The events of the late 1930s and the tragedy of the Holocaust brought the Philadelphia Workmen's Circle closer to liberal Judaism. It participated in war and refugee relief work, in war bond drives, and later in campaigns to aid the state of Israel. Its political and cultural activity emphasized Jewish identity and the fascist threat. Its outspoken anti-Communism developed into an active concern for Soviet Jewry.
During the postwar period, the organization adapted its social programs again to the needs of its aging membership, while working to attract younger members also. In 1950, the Philadelphia district opened the Workmen's Circle Home for the Eastern Region in Media, Pennsylvania. It was designed to house one hundred elderly residents in the familiar atmosphere of Yiddish culture. A new membership drive begun in 1954 organized several branches, among them the Albert Einstein branch and the April 19th, whose members were Holocaust survivors resettled in Philadelphia. There was a new District Organization Committee, specifically intended to recruit new members.
The school program, which was supported by ladies' auxiliaries, a national office Subsidy, and the city Federation of Jewish Agencies/Allied Jewish Appeal, became an increasingly important focus of activity. The spectrum of the district's programs has remained the same into the 1980s, although the camp property was sold in 1968.
Today, with six branches and two schools, the district's activities include support for the Home, sponsorship of Jewish cultural events, holiday observances interpreting Jewish history in the traditionally secular Workmen's Circle spirit, and resettlement work among Soviet Jews in Northeast Philadelphia. Its close relationship with the Jewish labor movement continues through its participation in the Jewish Labor Committee.
PROVENANCE
RECORDS: The Workmen's Circle records were the gift of the City of Philadelphia Redevelopment Authority. The records have been processed with the cooperation of Workmen's Circle Office for the Eastern Region, 1211 Chestnut Street, Philadelphia. We especially wish to thank Harriet Kronick, Director, and Joseph Bragirt, Chairman. Use is unrestricted.

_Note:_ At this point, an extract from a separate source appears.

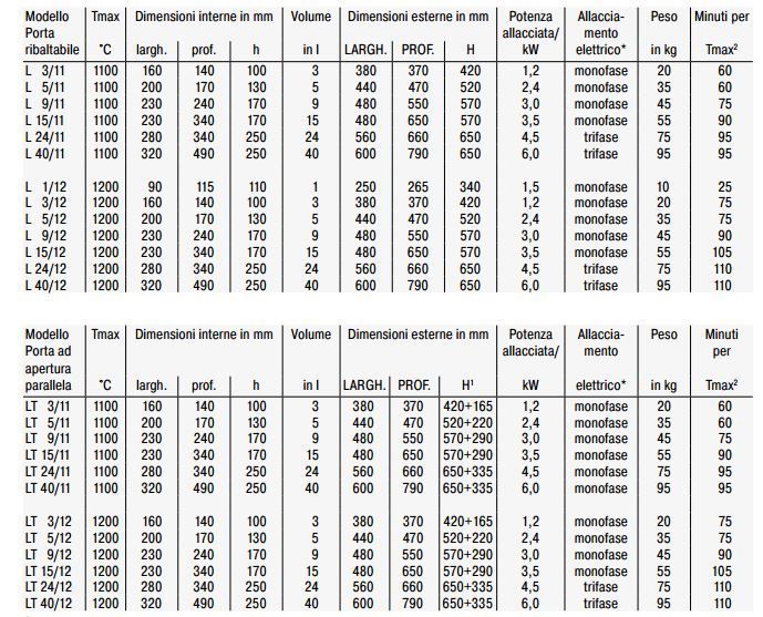 - Temperatura massima 1100 °C o 1200 °C

INTERVIEW RECORDING: Benjamin Sherman, longtime Workmen's Circle member, provided information about the history of the Philadelphia district in several interviews. Tape cassettes of the interviews are available for research use.
FUNDING: Arrangement and description of the Workmen's Circle records was made possible through a grant from the National Endowment for the Humanities.
Accession number: M73-83
SCOPE AND CONTENT NOTE
RECORDS: The Balch Institute's current holdings span the years 1931-1968. They include minutes, correspondence, financial records, and membership records from the City and District Committee, its predecessor the Joint Committee, and the District Organization Committee, the Cemetery Department, the Medical Department, and the Educational Department.
The records document the Workmen's Circle organizational concerns and benefit programs; there is little direct documentation of branch activities. The City and District Committee series, including the District Organization Committee records, contains a long run of minutes and much correspondence. The records of the Cemetery and Medical Departments describe the services offered and the departments' administrative methods, through correspondence, financial records, and administrative files. Teachers' grade books from Shul 6 and the North Philadelphia Mitelshule, extensive school financial records, and administrative records from Camp Hofnung's last three seasons comprise the Educational Department series. The minutes, department correspondence, and teachers' grade books are written mostly in Yiddish.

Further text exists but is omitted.